Arrivati al capitolo VIII si può trovare l'unico riferimento certo sulla datazione del libro a noi pervenuto: viene infatti citato Messer Ubaldino Bandinelli, vescovo di Montefiascone e Corneto, nonché amico e protettore di Della Casa, dicendo che, al momento della stesura del libro, era morto da poco. Discorrendo con la lettura si continua a parlare dei comportamenti riguardanti il favellare: bisogna parlare di argomenti graditi a tutti i presenti e mostrare rispetto verso tutti; se si inizia a parlare di un determinato argomento e ci accorgiamo che gli altri non sanno di che cosa si stia parlando, è buon costume cambiare oggetto della conversazione; l'oggetto però non deve essere né se stessi né la propria famiglia.

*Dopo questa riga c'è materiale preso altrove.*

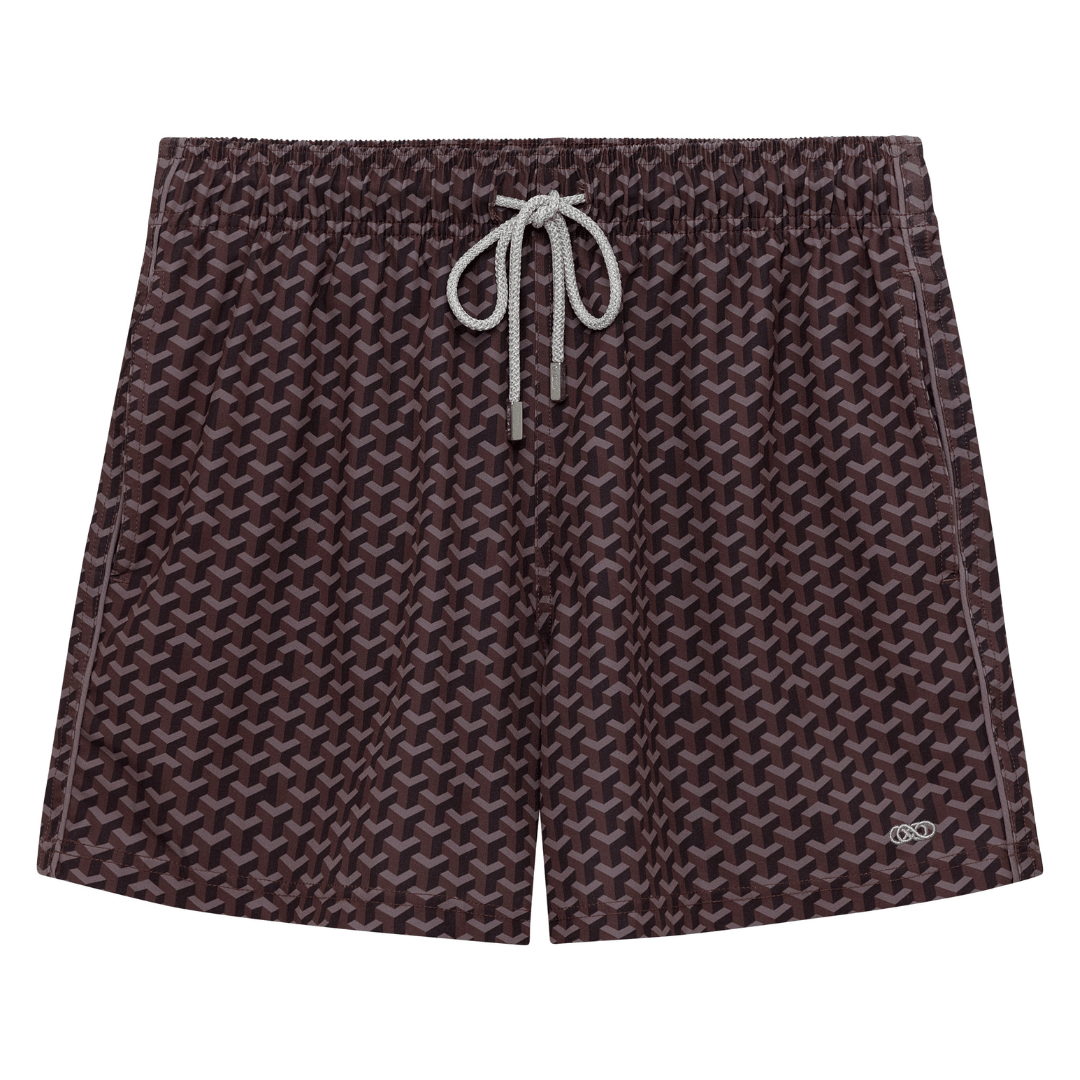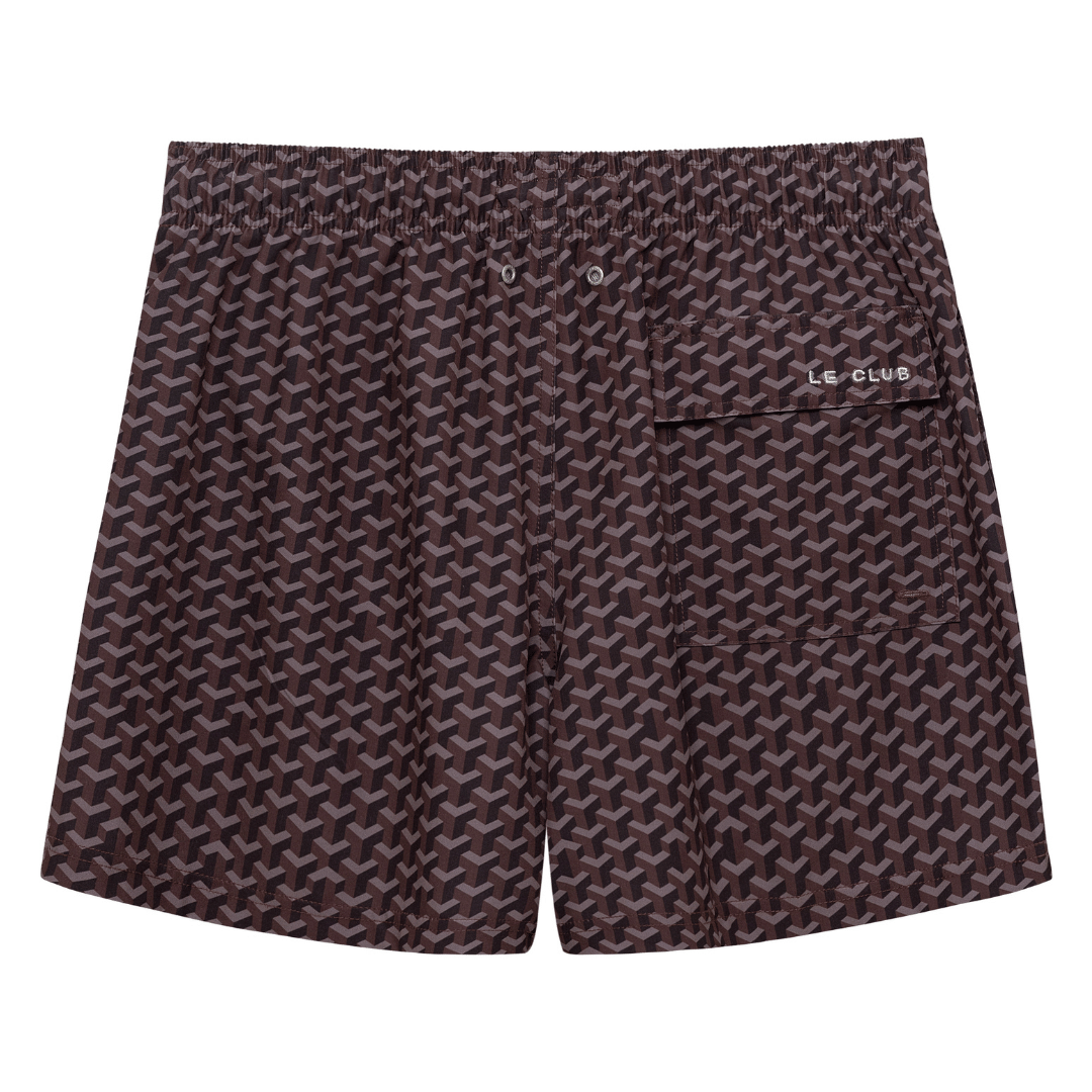 Meet the Le Club Geo Chocolate Swim Shorts — featuring a sleek, tone-on-tone motif that adds quiet texture without overwhelming the look. Effortlessly stylish and endlessly versatile.

Quando Della Casa scrive i suoi appunti la Chiesa e quindi la religione avevano un ruolo importante nella vita delle persone, e mai Dio sarebbe stato chiamato in causa in una discussione se non per lodarlo. Essendo molto religiosi non avrebbero nemmeno dovuto mentire o ingannare le altre persone perché significava andare contro il volere di Dio. A un certo punto, nel capitolo XIV si parla del modo il cui ci si pone alle altre persone e la prima cosa che l'autore sottolinea è che il mal costume riguardo al quale è in procinto di parlare non è italiano, bensì è stato importato in Italia da un altro popolo, quello spagnolo.

Non dobbiamo dimenticare che già la parte meridionale della penisola faceva parte del S.R.I., e che nemmeno un decennio dopo la stesura di questo libro, con il trattato di Cateau Cambresis del 1559, il settentrione, Repubblica Veneta esclusa, sarà ufficialmente sotto il dominio spagnolo. Il costume in questione è il cerimoniare le altre persone; questo comportamento per l'autore è indice di vanità e non meno grave del mentire. In più il fatto che un uomo di basso rango adotti un simile comportamento con il suo padrone sta come a significare che egli non abbia il potere necessario a imporre il proprio volere: infatti da cotali persone non si richiedeva altro che obbedienza.

Altro affare è se le cerimonie ci vengono fatte: mai rifiutarle perché potrebbe essere preso come segno di arroganza. Gli stessi princìpi devono essere osservati nelle lettere cartacee. Dopo questa piccola parentesi Della Casa torna a illustrare i costumi del favellare. Ci dice che mai si devono usare termini vili o sconvenevoli in un discorso, neanche se il fine del quale è il riso e che, non tanto se la discussione è breve ma per lo più quando si ha intenzione di portarla avanti, si deve usare un linguaggio il più possibile “ordinato e ben espresso” in modo tale che l'uditore possa essere in grado di immaginare le cose con cui lo si sta intrattenendo. Oltre alla chiarezza delle parole usate è importante anche che queste abbiamo un bel suono.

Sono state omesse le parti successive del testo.